Action item: From the line that contains "甘南州人大常委會(huì)主" down to the last line of the listing below, reproduce each line exactly but not the pictures.

Stored data:

☆ ☆ ☆ ☆

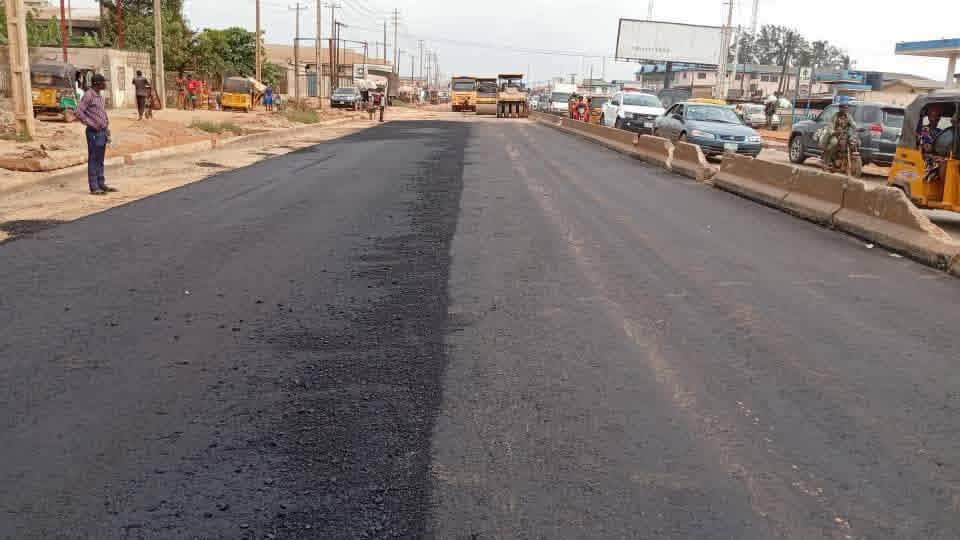 In Sango Ota, asphalt laying of both the binder and wearing courses has been completed in front of the Matrix petrol station on the right-hand side, while the wearing course has also been laid on the outer lane at Obada Oko.
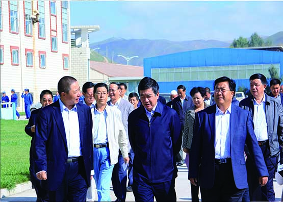 甘南州人大常委會(huì)主任安錦龍(右一)在集團(tuán)董事長(zhǎng)敏文祥(左一)的陪同下視察華羚公司
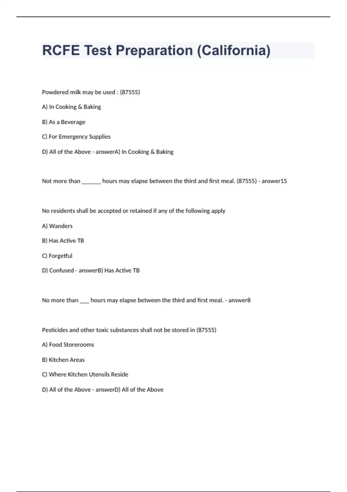 RCFE Test PPowdered milk may be used : (87555) A) In Cooking & Baking B) As a Beverage C) For Emergency Supplies D) All of the Above A) In Cooking & Baking Not more than ______ hours may elapse between the third and first meal. (87555) 15 No residents shall be accepted or retained if any of the following apply A) Wanders B) Has Active TB C) Forgetful D) Confused B) Has Active TB No more than ___ hours may elapse between the third and first meal. 8 Pesticides and other toxic substances shall not be stored in (87555) A) Food Storerooms B) Kitchen Areas C) Where Kitchen Utensils Reside D) All of the Above D) All of the Above To accept or retain a bedridden person, a facility's register of residents shall include : (87606) A) Information related to Resident Room Locator B) Register of Residents be Made Available Upon Request to Emergency Personnel C) Facility Staff have Knowledge of the Location of the Residents at All Time D) All of the Above D) All of the Abovereparation (California) updated questions with answers 2023
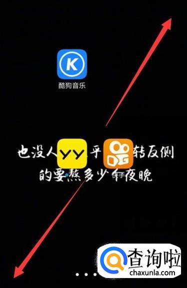 用手指在屏幕中间向两个对角的方向划,进入已隐藏应用界面,如图所示。

☆ ☆ ☆ ☆

Response to this exercise:
 甘南州人大常委會(huì)主任安錦龍(右一)在集團(tuán)董事長(zhǎng)敏文祥(左一)的陪同下視察華羚公司
 RCFE Test PPowdered milk may be used : (87555) A) In Cooking & Baking B) As a Beverage C) For Emergency Supplies D) All of the Above A) In Cooking & Baking Not more than ______ hours may elapse between the third and first meal. (87555) 15 No residents shall be accepted or retained if any of the following apply A) Wanders B) Has Active TB C) Forgetful D) Confused B) Has Active TB No more than ___ hours may elapse between the third and first meal. 8 Pesticides and other toxic substances shall not be stored in (87555) A) Food Storerooms B) Kitchen Areas C) Where Kitchen Utensils Reside D) All of the Above D) All of the Above To accept or retain a bedridden person, a facility's register of residents shall include : (87606) A) Information related to Resident Room Locator B) Register of Residents be Made Available Upon Request to Emergency Personnel C) Facility Staff have Knowledge of the Location of the Residents at All Time D) All of the Above D) All of the Abovereparation (California) updated questions with answers 2023
 用手指在屏幕中间向两个对角的方向划,进入已隐藏应用界面,如图所示。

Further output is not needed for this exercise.